Modes Pedaling Drill


Enhance your bass guitar skills with the Modes Pedaling Drill, a powerful exercise designed to strengthen your playing abilities.

Join me as I guide you through this engaging drill, focusing on various modes and their application.

Elevate your musical proficiency and develop a solid foundation in bass guitar technique with this comprehensive drill!


Modes Pedaling Drill

Video Transcript

One minute moats pedaling drill with Ari.
Take the modes and start them all from the same root. Sort them from brightest to darkest. If you do that then you will only have one note changing going from mode to mode. Key of G:

This is lydian: [🎡🎡🎡 Ari plays lydian scale 🎡🎡🎡]

Ionian: [🎡🎡🎡 Ari plays ionian scale 🎡🎡🎡]

Mixo: [🎡🎡🎡 Ari plays mixolydian scale 🎡🎡🎡]

Dorian: [🎡🎡🎡 Ari plays dorian scale 🎡🎡🎡]

Aeolian: [🎡🎡🎡 Ari plays aeolian scale 🎡🎡🎡]

Fridge: [🎡🎡🎡 Ari plays phrygian scale 🎡🎡🎡]

Locrian: [🎡🎡🎡 Ari plays locrian scale 🎡🎡🎡]

Importance of the Circle of Fifths

cycle of fifths

Discover the significance of the Circle of Fifths in music theory.

Uncover why this powerful tool holds immense importance and learn how it can enhance your understanding of key relationships, chord progressions, and harmonic patterns.

Dive into the captivating world of the Circle of Fifths and unlock new realms of musical knowledge and creativity!


Importance of the Circle of Fifths

Video Transcript

One minute Theory with Ari

Let’s talk about the cycle of fifths for a moment.
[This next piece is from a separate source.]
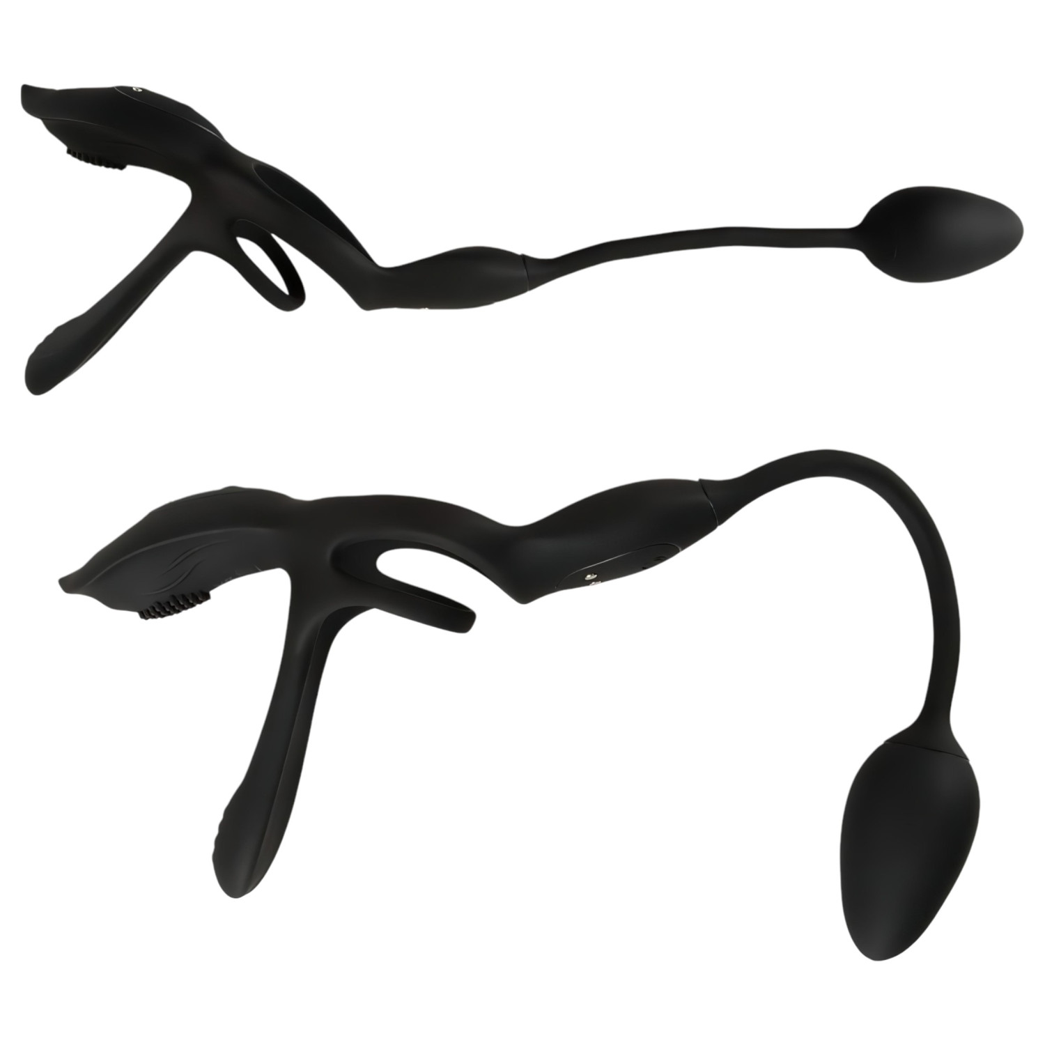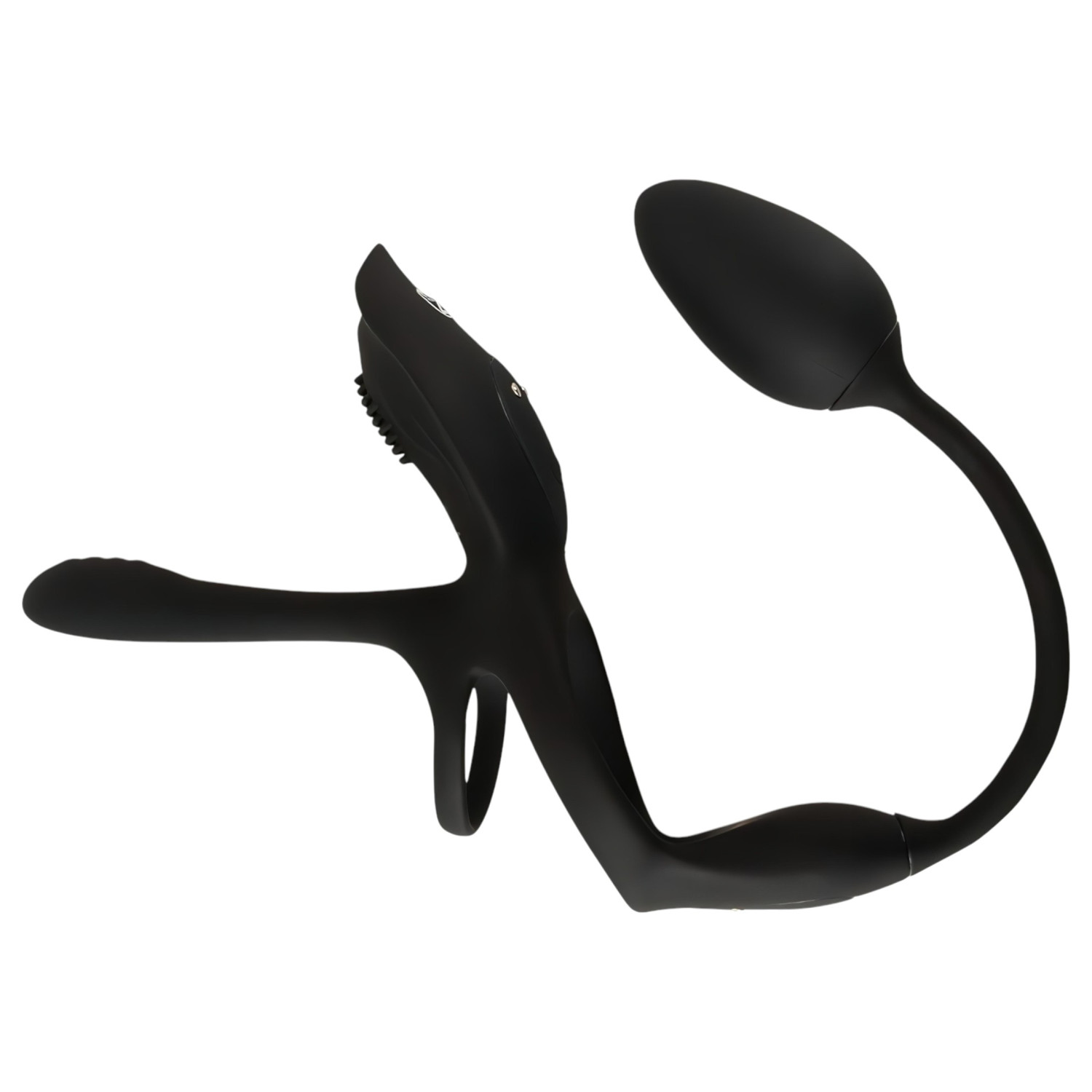 Ponte los anillos flexibles para pene y testículos de manera que el vibrador plano para parejas quede sobre el pene. Así ganarás grosor y los anillos ajustados te ayudarán a mantener erecciones más largas. El vibrador para clítoris estimula suavemente durante el sexo y el dildo anal vibrador se usa para estimulación anal.

So many people simply think of it as a tool to organize your sharps and your flats and your majors and your minors. Don’t call it A sharp major, call it B flat major and that’s all nice and good.

It’s such a great ear training tool and it’s such a great practice tool. For example, if you simply play through the cycle to the left: C to the F to the B flat to the E flat to the A flat to the D flat and so forth… you are playing descending fifths. And you hear how this has such a pulling quality to it because it sounds like a mini resolve each time. It’s like 5-1, 5-1, 5-1, 5-1, 5-1, 5-1, 5-1 all right. So it sounds like gravity and you’re falling down the stairs and you simply can’t stop.

Songs that do that are for example, Fly Me to the Moon or Autumn Leaves. Now if you go the other way see that the G to the D to the A to the E to the B, then you hear this much more uplifting quality and a song that does that for example, is Hotel California.

Now in songs you often stay within one key versus in the cycle you’re really changing keys but what I just said is still true for the bass movement.

Scale Degrees are Sounds and Numbers

scale degrees are sounds

Unlock the power of scale degrees in music theory with this captivating video.

Dive into the world of bass guitar tips with @LearnBassWithAri as we unravel the intricate connection between sounds and numbers. Explore the theoretical aspects of scale degrees and gain valuable insights to expand your musical understanding.

Join me on this educational journey and enrich your playing abilities with comprehensive theoretical knowledge.


Scale Degrees are Sounds and Numbers

Video Transcript

One minute scalar of practice with Ari.
Practice the scale, and say the scale degrees, and then cement those sound relationships to the root by playing the root in between every single note, like this: C mixolydian.

[🎡🎡🎡 Ari plays scale 🎡🎡🎡}

Say the scale degrees: 1 – 2 – 3 – 4 – 5 – 6 – b7 – root. Now cement those sound relationships with the root by playing the root in between every single scale degree. Major 2nd, 3rd, 4th, 5th, major 6th, flat 7th, root. These are sounds. These numbers are sounds. You can also relate them to the top root, and then all the intervals invert – what used to be the minor 7th now becomes the major 2nd… minor 3rd, 4th, 5th, minor 6th, minor 7th, root.